Power Play - Paula Bennett not only has a big laugh and raucous personality, but a back story to rival John Key's.
Her path to politics, and now to her new job as New Zealand's second female Deputy Prime Minister, is is almost as well known as the outgoing Prime Minister's.
At 17 she became a single mum, she held jobs including truck stop waitress before taking on tertiary study. After working as electorate secretary for the National Party minister and back room dealer, Murray McCully, Mrs Bennett was elected as an MP in 2005.
Mrs Bennett plays up the bogan image but beneath that is a sharp mind and a determined politician - one who does not shy away from confrontation.
And she has been one of John Key's favourites.
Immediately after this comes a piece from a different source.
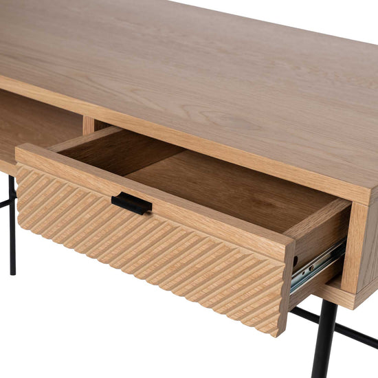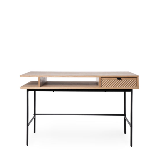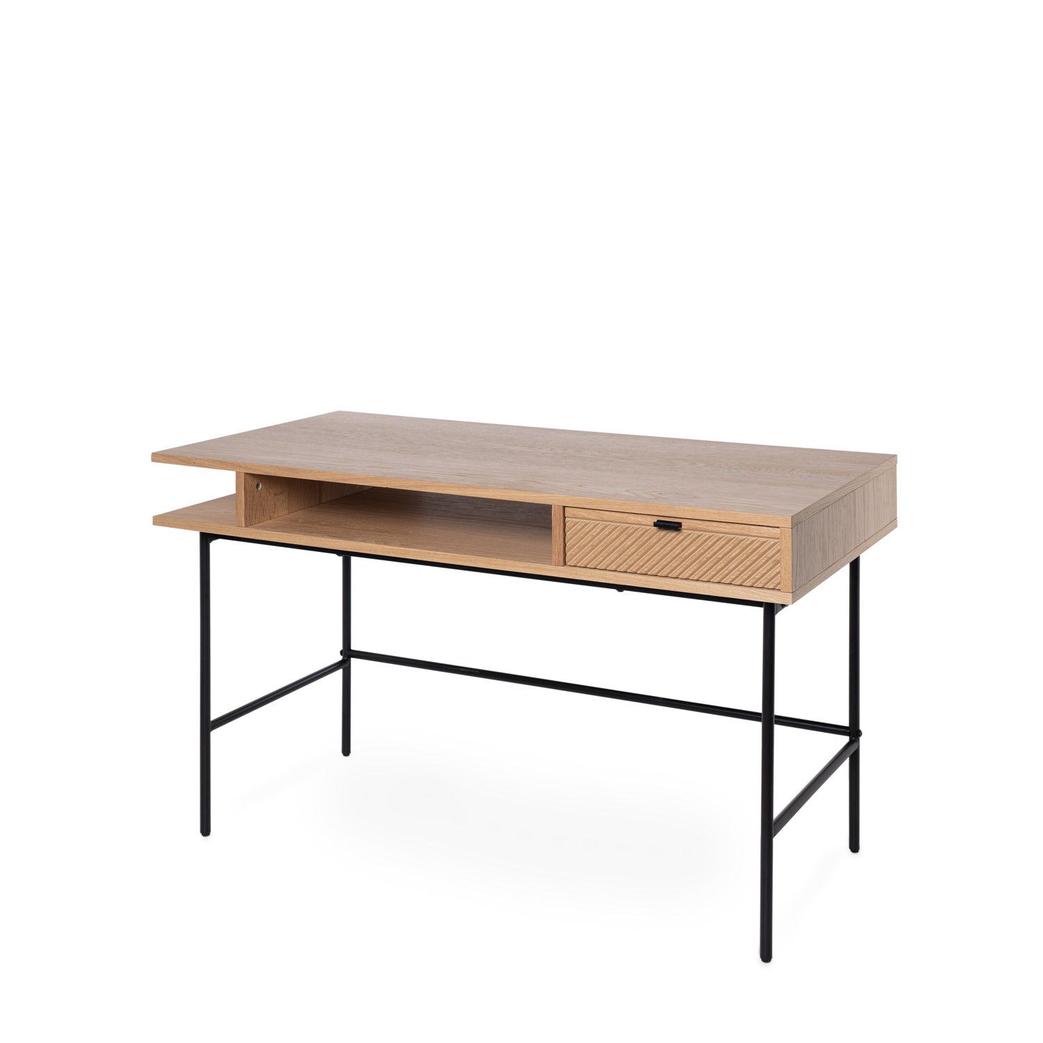 The ALABAMA desk stands out for its contemporary design and remarkable versatility, making it the perfect complement to enhance modern and elegant spaces with impeccable functionality. Crafted from oak and complemented by metal legs in a sleek black finish, this piece combines a sober aesthetic with a timeless character. Its clean, balanced design allows it to easily integrate into a wide variety of decorative styles, ranging from industrial to minimalist, adding a touch of understated sophistication. The ALABAMA desk offers a large work surface, ideal for both professional and creative tasks, ensuring comfort and efficiency. Additionally, it includes a practical integrated drawer with space-saving storage, providing additional storage to keep all utensils and documents organized and within reach.

He rocketed her into Cabinet after National's 2008 election victory, giving her the important social development portfolio - a move that surprised many.
For Mr Key, himself brought up by his mother in a state house in Christchurch, it was a risky appointment as National prepared to embark on sweeping welfare reforms, which included new work obligations for single parents.
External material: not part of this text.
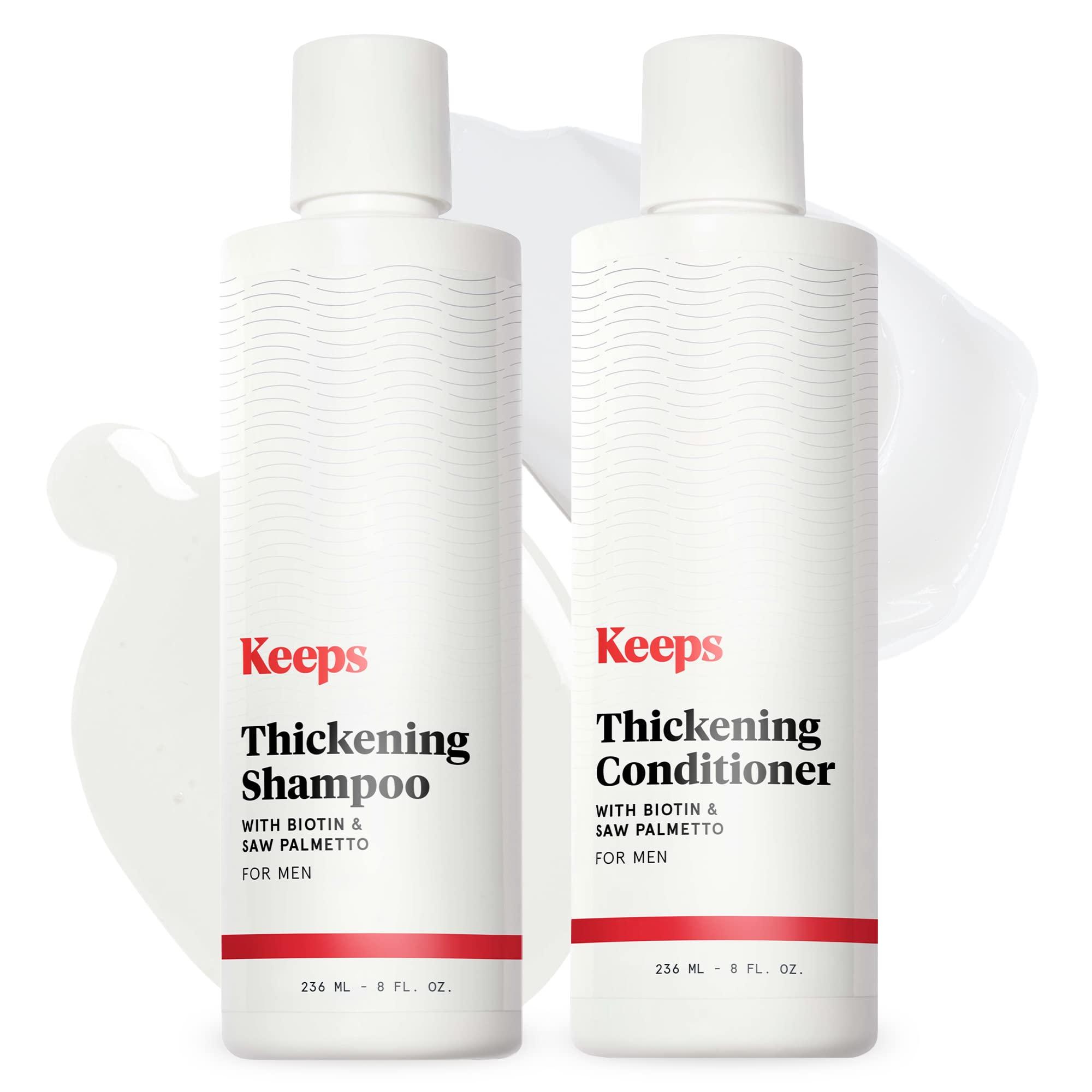 - Thickening Shampoo & Conditioner Bundle for Men: Better hair is just a rinse away with Keeps Thickening Shampoo and Conditioner. Our shampoo and conditioner bundle is formulated to make thinning hair look thicker while promoting healthy hair growth. It also works great to complement and enhance results of male hair loss treatment. Includes one 8oz bottle of Keeps Thickening Shampoo and one 8oz bottle of Keeps Thickening Conditioner.

The fact Mrs Bennett had been in that position herself exposed her to perhaps more criticism than she otherwise may have faced; people accused her of taking advantage of a opportunities she was denying to others.
She strongly denied that was the case, arguing it was no good for a parent, or a child, to have a family existing indefinitely on a benefit.
Another major focus for Mrs Bennett as minister was looking at how to improve the situation for children in poverty or in violent households.
Mrs Bennett is Māori but does not identify strongly as such, and while responding to the withdrawal of Simon Bridges as her sole rival, played down the significance of her being the first, Māori woman to hold the position of deputy in the National Party.
"I bring all of who I am to the job.
"Yes I'm a Māori woman and that would be new as well and one of the first... it's a whole of things of who I am and I hope I do it proud."
But it has not been a smooth path to the top for Mrs Bennett.
She provoked outrage when she released the details of two beneficiaries who had spoken out about cuts to a tertiary training allowance in 2010, which opponents described as a gross breach of privacy and abuse of power.
Mrs Bennett also apologised to the Prime Minister after it was revealed she had written letters of support for the father of her daughter's child, a convicted gang member, while an opposition MP, and not told Mr Key about it.
But a story that did her and her "Westie" image no harm was about her breaking up a fight between a group of teenage girls outside a West Auckland mall, skills that may come in handy as deputy leader.
In the last few years however, Mrs Bennett has made an obvious effort to take on heftier portfolios (including climate change that she cheerfully admitted she knew nothing about), and associate finance, where she has worked closely with the presumptive Prime Minister Bill English.
She also has the social housing portfolio and admits herself it hasn't been easy year, as part of the group of senior ministers, alongside Mr English and Nick Smith, grappling with housing unaffordability in Auckland in particular.
Mrs Bennett's finely tuned political antennae may have quivering as John Key's tenure drew on, and the realisation that in the coming years a new leadership team would have to be decided.
No one, least of all Mrs Bennett, expected it would come so quickly.
While she says she is "confident" her position will be formalised by the caucus, she is taking Mr English's lead and deferring any talk about the future under their leadership until formally installed.
But over the glass of champagne she says she will be enjoying, Mrs Bennett will very much have her eye on the future.